Nano 3D Printed Device Improves IVF Cycles up to 40%

Nano 3D printing is a very niche technological area whose applications have, so far, been mostly demonstrated in lab environments, as far as we know. So, actual use cases for the ability to 3D print at the submicron level are still being explored. Fertilis Pty Ltd, an Australian specialist in in vitro fertilization (IVF), has demonstrated one potentially fruitful application in the medical space. By using an NanoOne 2PP 3D printer from UpNano, the company was able to 3D print a dynamic cell culture that reduces cycles for implanting embryos by 30 to 40 percent.

The NanoOne 2PP 3D printer.

The pre-implantation phase of IVF is a particularly delicate one in which the embryonic cells are exposed to continuous changes in environment. This stress placed on the culture increases the possibility of failure, making more IVF cycles necessary. To overcome this issue, Fertilis developed a unique device that makes it possible to precisely monitor and control the culturing process of the fertilized eggs so that they don’t need to be moved between petri dishes. The microfluidic device makes it possible to change the nutrient medium that surrounds the embryo in an automated and less disruptive fashion, resulting in a more optimized growth environment.

图片[1]-Nano 3D Printed Device Improves IVF Cycles up to 40%-3D打印模型

The Fertilis microfluidic cell, 3D printed with UpNano 2PP technology. Image courtesy of UpNano.

CEO of Fertilis Marty Guavin explained, “Our device allows fertilization, embryo culture and embryo cryopreservation to occur in the one structure – no more moving embryos around by hand. This, in fact, increases the success rate significantly and reduces time, costs and stress for the parents.”

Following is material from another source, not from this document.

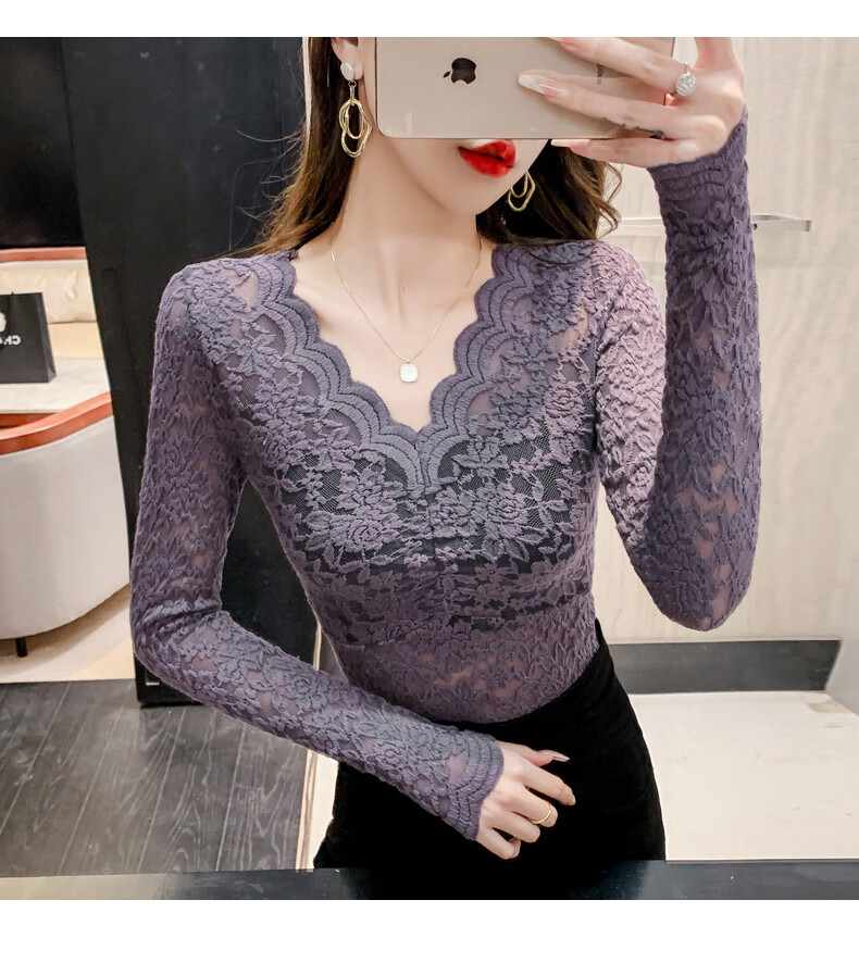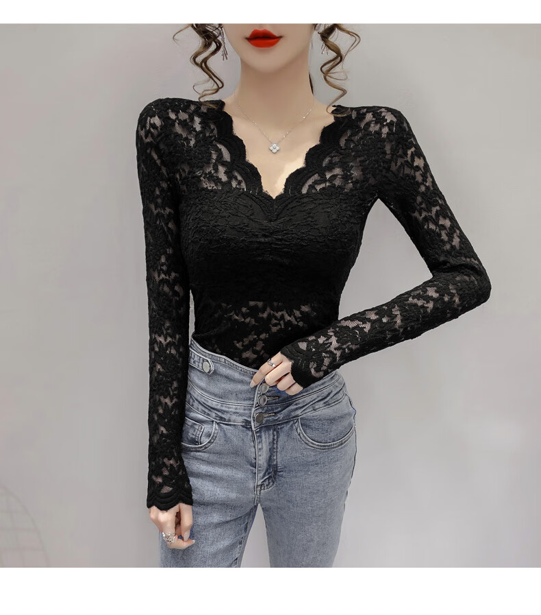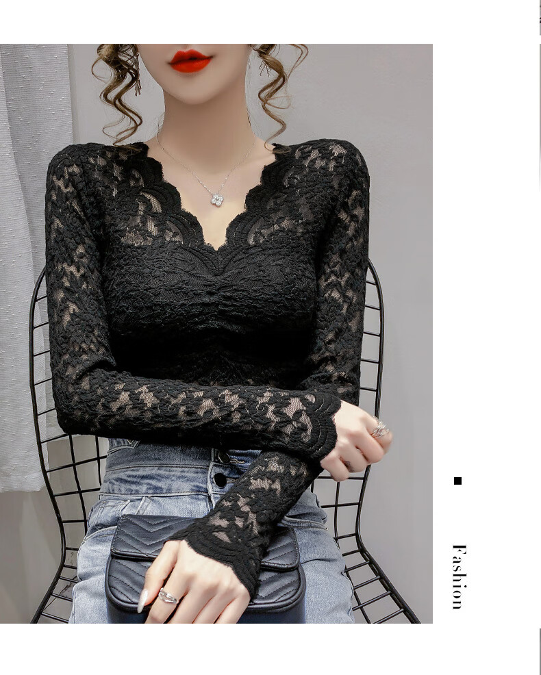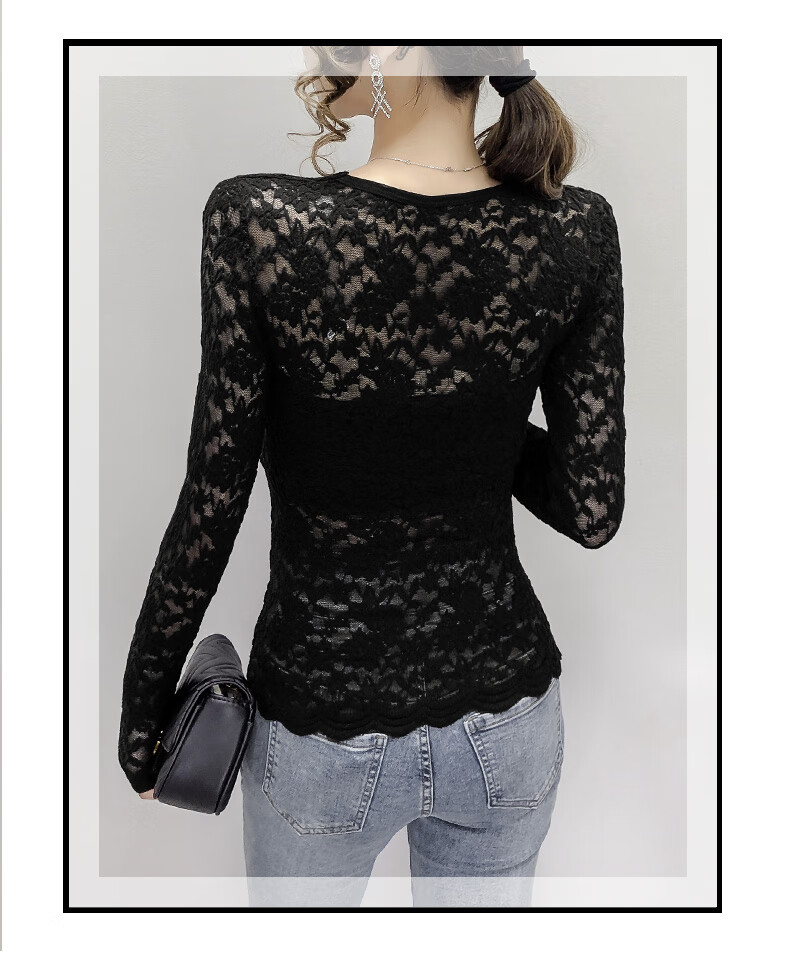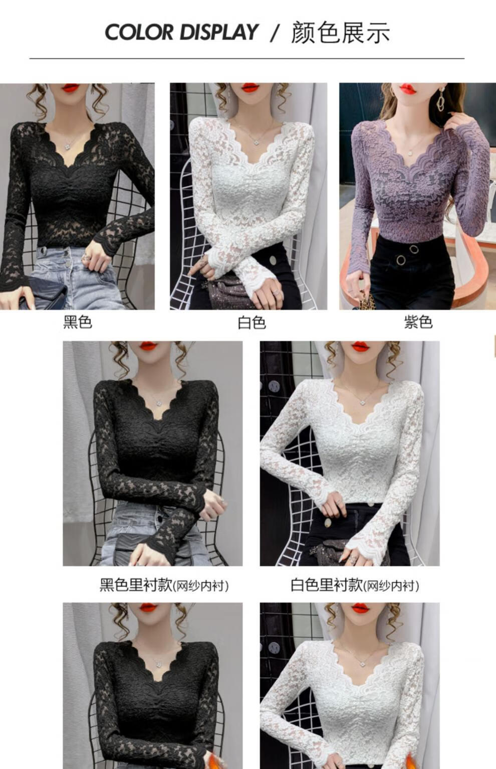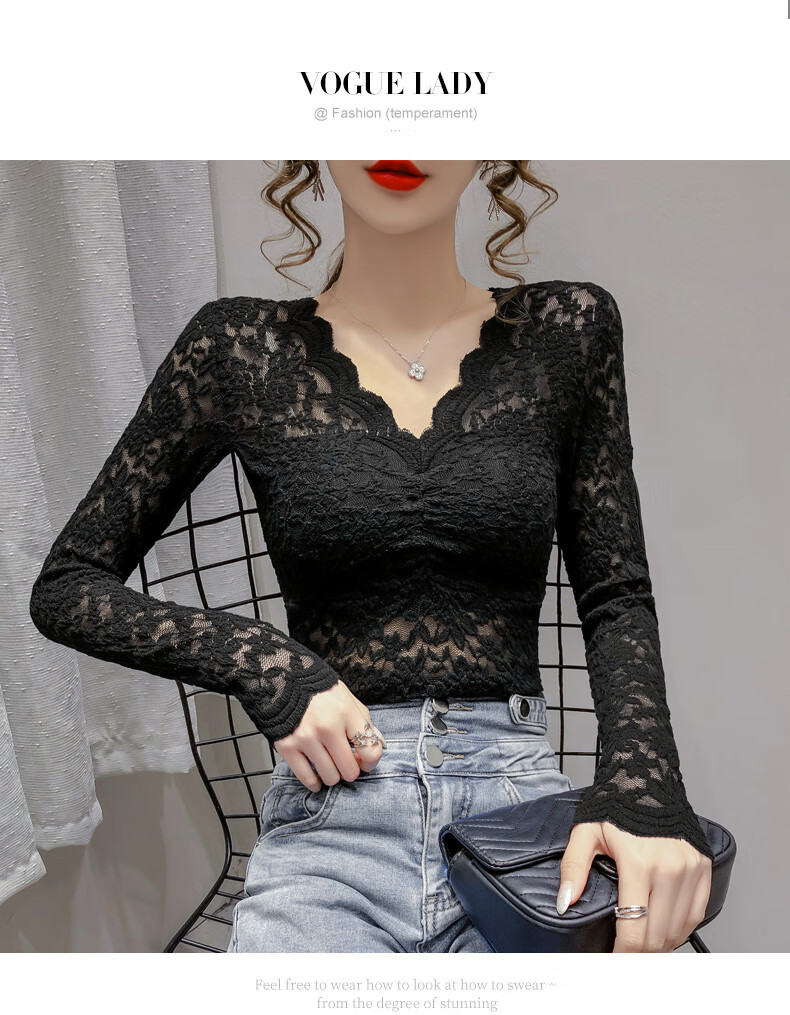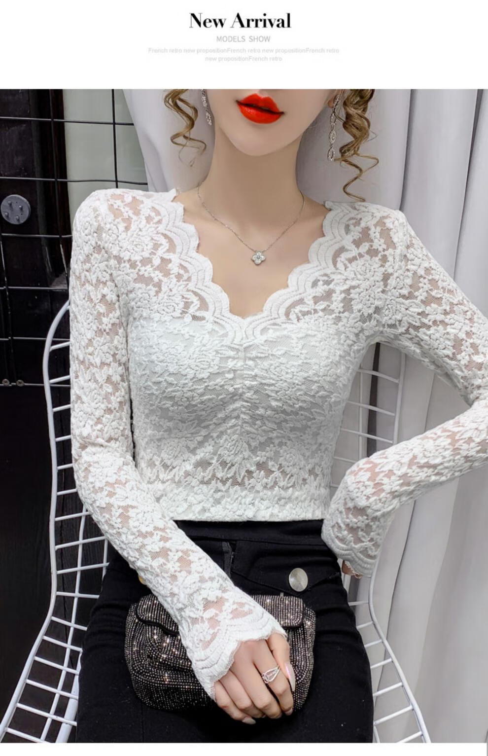 Woodpecker high-end V-neck lace bottoming shirt for women 2025 spring new small shirt with velvet inner long-sleeved mesh top for women Black Garib L 110-120

To produce its device, Fertilis relies on the NanoOne installed at the Australian National Fabrication Facility (ANFF) at the University of South Australia. The system is able to 3D print features as fine as 0.05 mm in diameter, smaller than the width of a human hair. It also features adaptive resolution, which makes it possible to focus the width of the laser beam during the print process so that larger and smaller features can be printed in a single path. This improves overall productivity.

Denise Hirner, Chief Operating Officer and co-founder of UpNano, explained: “The microfluidic device of Fertilis have minute channels as well as larger structures to connect the device to tubes necessary for the incubation process. Being able to print across a range of scales –from nanometers to centimeters – the NanoOne can print this all in a single production cycle.”

Also necessary was UpNano’s UpFlow material, which maintains biocompatibility while also reducing viscosity, making it possible to more thoroughly clean the fine internal channels. This was achieved by selecting the proper base resin for UpFlow that would maintain a low viscosity until it is hardened by UV exposure. The manufacturer also highlights the resin’s high optical transparency, which is useful for microscopic inspections of incubated embryos, as well as low autofluorescence.

In addition to achieving the proper resolution, the NanoOne also aids the Fertilis team in increasing its production speed. Marty Guavin noted, “Previously, the 3D printing of our microfluidic devices took a full fortnight. Now, four hours only. That is an exceptional acceleration of the production process. And, best of it all, using UpFlow results in a better-quality product than achieved before.”

Outside of its work with Fertilis, UpNano has also developed X Hydrobio INX© U200, which it calls the “only commercially available resin that allows embedding living cells straight from a culture plate within highly precise 3D-printed structures for biological applications.”

Naturally, this development from Fertilis could be a silver lining for future couples struggling with the IVF process, as the company rolls out its technology. For nano 3D printing, it also offers a fairly concrete look at what such fine resolution brings to real world applications.